_Brief_
In the data that follows, how many lines include the string "Full"? Answer with the number alone.

_Extracted records_
--

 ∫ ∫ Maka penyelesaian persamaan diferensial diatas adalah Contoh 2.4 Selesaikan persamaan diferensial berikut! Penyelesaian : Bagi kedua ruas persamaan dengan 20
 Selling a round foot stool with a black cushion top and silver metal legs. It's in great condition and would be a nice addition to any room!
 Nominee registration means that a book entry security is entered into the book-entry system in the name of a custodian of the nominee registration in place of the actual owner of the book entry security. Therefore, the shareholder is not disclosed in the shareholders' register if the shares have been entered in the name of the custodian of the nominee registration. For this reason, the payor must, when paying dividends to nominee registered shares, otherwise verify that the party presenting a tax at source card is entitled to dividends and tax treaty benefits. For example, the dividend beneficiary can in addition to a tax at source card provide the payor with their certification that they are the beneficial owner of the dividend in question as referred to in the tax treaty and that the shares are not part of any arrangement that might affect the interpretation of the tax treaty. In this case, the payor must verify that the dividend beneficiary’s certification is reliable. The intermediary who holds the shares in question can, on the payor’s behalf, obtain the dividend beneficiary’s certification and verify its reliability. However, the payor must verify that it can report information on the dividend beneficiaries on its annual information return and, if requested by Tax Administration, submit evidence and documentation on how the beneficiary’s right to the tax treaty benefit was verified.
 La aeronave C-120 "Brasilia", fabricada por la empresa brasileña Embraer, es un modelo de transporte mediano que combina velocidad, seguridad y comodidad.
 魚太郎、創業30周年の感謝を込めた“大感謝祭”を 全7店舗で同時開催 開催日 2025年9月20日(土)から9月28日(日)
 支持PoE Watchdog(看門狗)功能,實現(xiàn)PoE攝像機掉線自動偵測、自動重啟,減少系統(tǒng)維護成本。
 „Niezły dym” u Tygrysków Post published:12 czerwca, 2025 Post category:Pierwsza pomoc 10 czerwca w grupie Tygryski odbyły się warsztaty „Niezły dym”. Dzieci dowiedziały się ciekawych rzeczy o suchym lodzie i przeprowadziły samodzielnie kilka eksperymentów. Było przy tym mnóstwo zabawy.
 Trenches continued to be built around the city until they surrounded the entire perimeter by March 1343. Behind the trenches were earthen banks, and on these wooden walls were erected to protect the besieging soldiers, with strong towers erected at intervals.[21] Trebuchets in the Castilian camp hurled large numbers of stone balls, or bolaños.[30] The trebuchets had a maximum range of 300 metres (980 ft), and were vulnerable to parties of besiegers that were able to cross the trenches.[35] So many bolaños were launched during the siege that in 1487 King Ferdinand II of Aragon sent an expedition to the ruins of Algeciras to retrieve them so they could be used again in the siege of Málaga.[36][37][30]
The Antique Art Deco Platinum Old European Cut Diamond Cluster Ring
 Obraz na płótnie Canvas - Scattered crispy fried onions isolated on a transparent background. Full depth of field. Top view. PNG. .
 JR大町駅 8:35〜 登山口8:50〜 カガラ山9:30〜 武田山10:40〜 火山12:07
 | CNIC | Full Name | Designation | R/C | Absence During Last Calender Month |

--

_Answer area_
2